盛愿独自一人沿着路慢慢走,心不在焉的踢着脚下的小石子,迎面而来的清凉晚风吹拂着他的发梢。
云川的花渐次落了,风中浅淡的花香也不见,只剩叶片的涩香。
再过不久,这个城市就将迎来闷热的酷夏和新一轮雨季。
待到那时,又是怎样一番光景。
铅灰色的马路上,一辆通体鎏黑的迈巴赫缓慢跟在盛愿身后滑行,见这人始终闷头走路,终于在某个路口发出了短促的鸣笛声。
盛愿一怔,思绪被拉了回来,下意识回头望去。
半落的车窗后,穿着一身周正黑色西装的男人的目光,随着车子停下,不疾不徐的落在他的身上。
牧霄夺鼻梁上架着一副平光半框眼镜,眉目裹几分倦怠,似乎刚从尔虞我诈的名利场抽身离开。
昨晚,牧霄夺从欧洲出差回国,却被告知盛少爷已经收拾行李离开。
他没带走他的小狗,也没带走那片玫瑰,就像小王子突然返回了B612星球,相遇有多么慌乱,离别就有多匆忙。
那晚,他对盛愿说,再陪他久一点。
他想对方一定没听见。
那时,他没来由的想,这个彰显身份地位的壹号公馆,似乎太大了些。
“舅舅!”盛愿瞬间绽开笑容,脚底生风的朝他奔过去。
“您这次出差回来得好快啊。”他的咬字翘着尾音,好像这场意料之外的重逢带给了他许多惊喜。
他们没有互相的联系方式,于是,心照不宣的享受着不期而遇带来的喜悦。
“我再不回来,庄园里的玫瑰长腿跑了都追不回来。”牧霄夺意有所指,掀起窄薄的眼皮,晦暗的目光落在他眸下淡淡的阴影上。
他伸手拉开另一侧的车门,示意盛愿上车。
盛愿的脸上始终挂着明媚的笑容,小嘴抹了蜜似的,“想你了舅舅。”
“嘴这么甜。”牧霄夺心头隐隐一动,面上依然平淡,“怎么突然说好听的话?”
“我哪天说话不好听?”盛愿不甘示弱的反驳他,一副恃宠而骄的小模样。
这样亲近的话让牧霄夺忽然想到了庄园里那只自来熟的小狗,对于主人,它毫不掩饰自己的喜爱。
事实上,他很少感受到来自另一人充沛的情感,这世上,似乎所有人都对他保持尊敬和畏惧。
当然,这也与他天生不近人情的性格有关。
牧霄夺抬起手指,指端在空中悬滞两秒。
最终,轻轻搭在盛愿的肩上,感受到凸出的肩胛骨硌着自己的掌心。
“瘦了,好不容易养出来的肉都没了。”他料想,离开庄园后,盛愿定然没有好好照顾自己。
“……没有吧。”盛愿摸了摸自己掐不出二两肉的脸颊。
“最近过得还好吗?”
“很好啊,舅舅呢?”
“一般。”牧霄夺如实答。
他从不觉得这个小朋友的入住是打扰,甚至隐隐期待着能在庄园某个日暮黄昏,看见他和小狗遥遥跑向自己。

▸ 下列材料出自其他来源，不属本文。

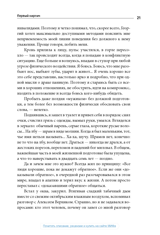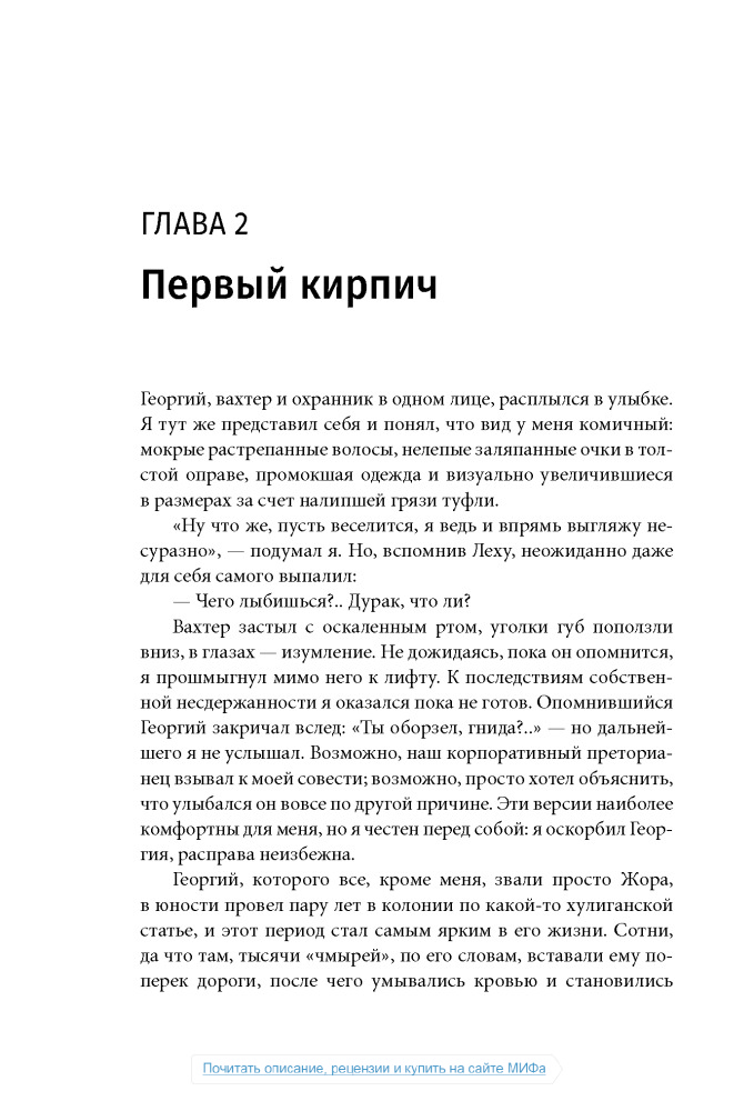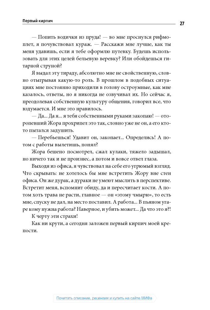 Данияра знаю не так много, сотрудничаем в части интернет-конференций, его kaznetmedia трижды подряд в 2011-2013 годах становилаcь лучшей веб-студией страны по версии «Национальной интернет-премии AWARD.KZ». Как писатель Данияр открылся для меня впервые. Скажу честно на первых главах хотел бросить читать – слог совсем не мой, резанный, знаки препинания ставятся по каким-то совсем не моим правилам. Но постепенно затянуло. Что такое кирпичи – это цели, шажки, который делает главный герой Сергей Резвей на пути к своему совершенствованию. Кто такое Сергей – рядовой рекламщик медиахолдига, неуверенный в себе, без ответной любви в жизни и удовлетворённости в работе, инфальтивен. Герой борется, ему помогают, он страдает, опять борется, ты начинаешь ему сопереживать и книга проглатывается за пару вечеров. В сухом остатке хеппи-энд и одна из лучших книг по мотивации и поднятию боевого духа. Автор пиши еще!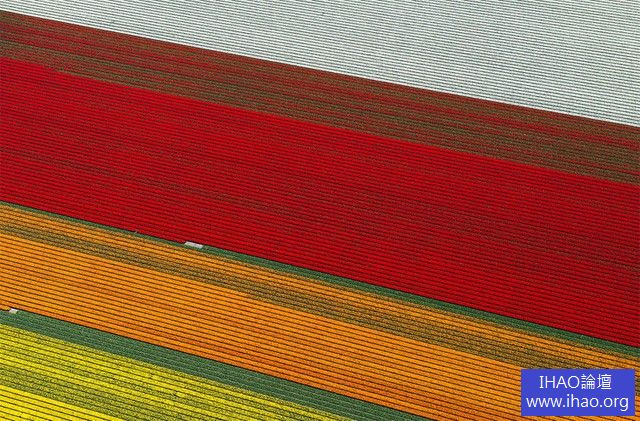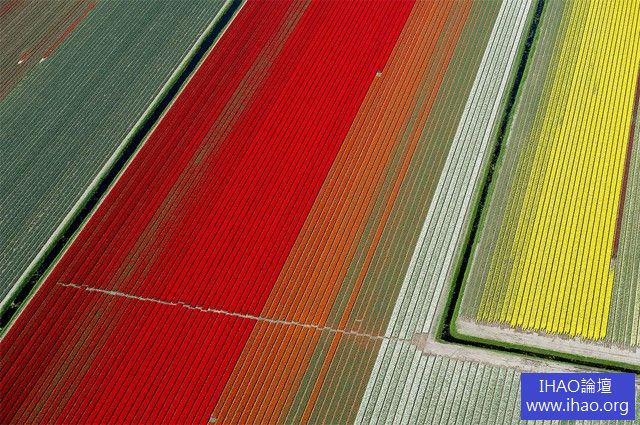 法國攝影師Normann Szkop從上空俯拍位於北荷蘭Anna Paulowan的鬱金香花田,各種顏色的花田整齊排列著,就好像是上帝拿著色筆,在地上畫出一道道彩虹,驚艷整片大地。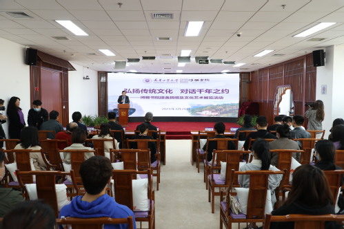 2021年3月25日上午,“弘扬传统文化 对话千年之约”建盏捐赠及艺术展览在我校博雅书院正式拉开帷幕。展览邀请老中青三代建窑建盏代表匠人,展出建盏艺术家杨敏、高邵雄、游超、周运隆、余奇骏、万长铭等人的作品共80余件。此次活动由我校校友万长铭积极沟通促成,天工师生150余人参观了展览。

似乎只有那样,他才觉得,这样枯燥重复的一天,会变得不一样。
简短的叙旧过后,牧霄夺陪他吃了顿晚饭。
最近牧氏一连收购了多个公司,这些公司多年积弊,尾大不掉,管理层与执行层腐败严重,手底下的董事们蠢蠢欲动,跑路的跑路,进去的进去。因而牧霄夺公务缠身,忙得不可开交。
盛愿不想耽误他太久时间,开门见山的说:“舅舅,那条广告是您给我安排的吧?”
牧霄夺正垂眸回复工作消息,闻言,头也不抬的“嗯”了一声,“公司需要你帮个小忙,开发组最近在筹备新项目,这次的产品主打年轻人群体,自然不能沿用从前那些,正好你接碎活。”
“这怎么能叫碎活呢?您公司的业务别人挤破了头都进不去。”
牧氏的简历向来难投,陆听夕校招的时候在HR那里栽了个大跟头,盛愿有所耳闻。
牧霄夺对他这话没有异议,语气一派闲散,“能力不行的话就算有一百个脑袋也进不来,况且我只是给广告部提了个意见,他们能采纳也是相中了你的水平。”
盛愿料想,舅舅提的意见别人估计也不敢有异议,嘟囔着说:“那还是您在照顾我,这种机会要是光靠我自己争取,估计连简历都抵不进去。”
牧霄夺微不可查的抬眉,不答反问:“那你辛苦工作,为的是什么?”
盛愿不知不觉被他的话绕了进去,咬字带一点软糯,“为的是能争取到像贵公司这样宝贵的机会。”
那双漆黑的眸带着零星笑意看过来,落在他内眼角精致的浅咖色小痣上,“小朋友,见好就收,舅舅也不是每次都能撞上这么适合你的工作。”
此后几日,盛愿下班后,便会乖乖站在路边等舅舅顺路送他回家。
他推脱过几次,说自己可以坐公交,但是舅舅没同意。